Supplied records: Begin

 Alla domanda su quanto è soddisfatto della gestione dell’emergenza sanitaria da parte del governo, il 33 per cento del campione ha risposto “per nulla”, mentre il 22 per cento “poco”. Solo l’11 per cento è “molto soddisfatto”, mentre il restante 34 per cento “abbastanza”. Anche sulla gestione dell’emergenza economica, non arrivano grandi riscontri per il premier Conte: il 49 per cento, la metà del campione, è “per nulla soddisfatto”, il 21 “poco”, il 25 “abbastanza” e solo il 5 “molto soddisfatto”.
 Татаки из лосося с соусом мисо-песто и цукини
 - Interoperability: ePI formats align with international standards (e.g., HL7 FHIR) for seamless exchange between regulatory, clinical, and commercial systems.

Supplied records: End
Supplied records: Begin

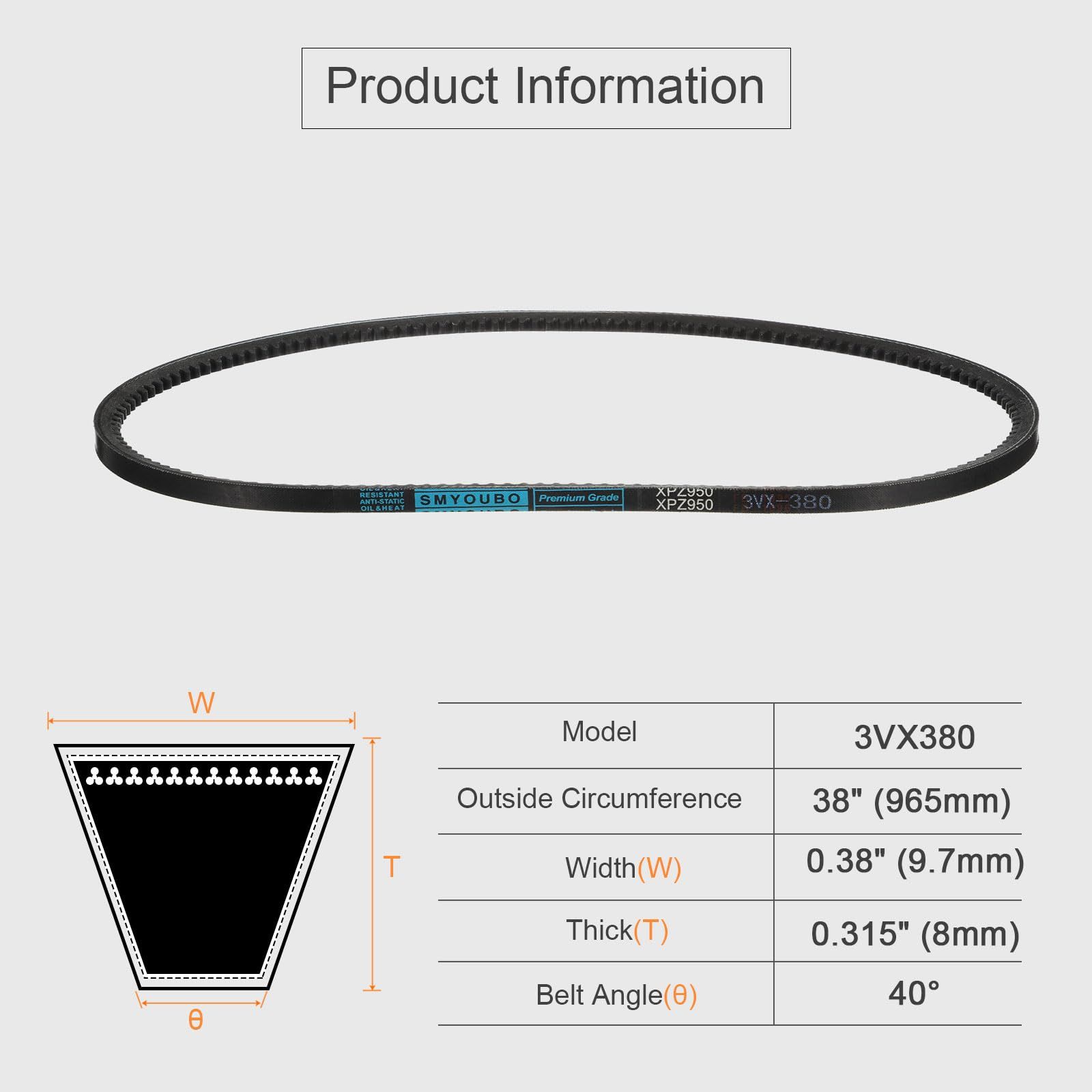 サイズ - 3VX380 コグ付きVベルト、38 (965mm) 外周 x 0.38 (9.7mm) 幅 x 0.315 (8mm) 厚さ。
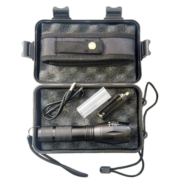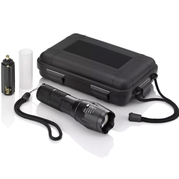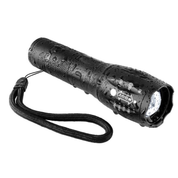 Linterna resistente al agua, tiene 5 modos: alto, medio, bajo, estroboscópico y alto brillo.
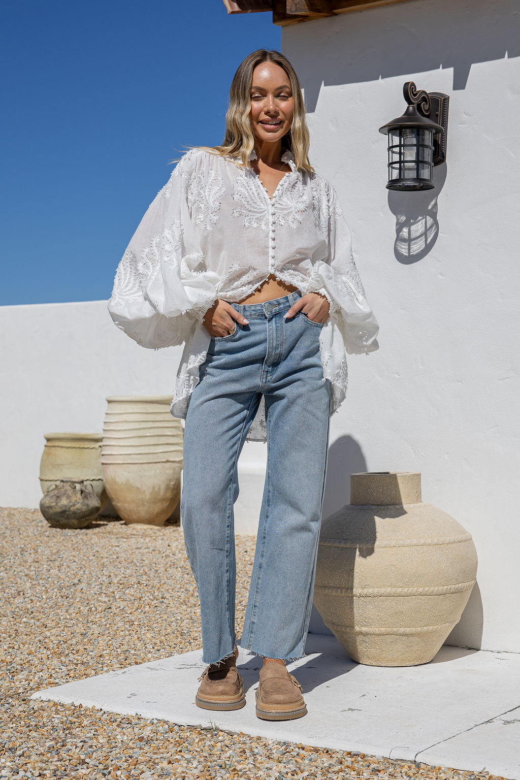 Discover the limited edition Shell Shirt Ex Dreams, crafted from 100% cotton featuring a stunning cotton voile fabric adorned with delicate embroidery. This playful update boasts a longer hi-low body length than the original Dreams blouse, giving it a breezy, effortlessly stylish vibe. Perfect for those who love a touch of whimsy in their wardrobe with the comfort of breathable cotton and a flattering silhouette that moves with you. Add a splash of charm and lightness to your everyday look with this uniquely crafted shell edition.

Supplied records: End

**Description of the task:** Would you copy out exactly the lines above that start at the one containing "Alla domanda su" and end at the one containing "- Interoperability: ePI", inclusive?

**Answer for this exercise:**
 Alla domanda su quanto è soddisfatto della gestione dell’emergenza sanitaria da parte del governo, il 33 per cento del campione ha risposto “per nulla”, mentre il 22 per cento “poco”. Solo l’11 per cento è “molto soddisfatto”, mentre il restante 34 per cento “abbastanza”. Anche sulla gestione dell’emergenza economica, non arrivano grandi riscontri per il premier Conte: il 49 per cento, la metà del campione, è “per nulla soddisfatto”, il 21 “poco”, il 25 “abbastanza” e solo il 5 “molto soddisfatto”.
 Татаки из лосося с соусом мисо-песто и цукини
 - Interoperability: ePI formats align with international standards (e.g., HL7 FHIR) for seamless exchange between regulatory, clinical, and commercial systems.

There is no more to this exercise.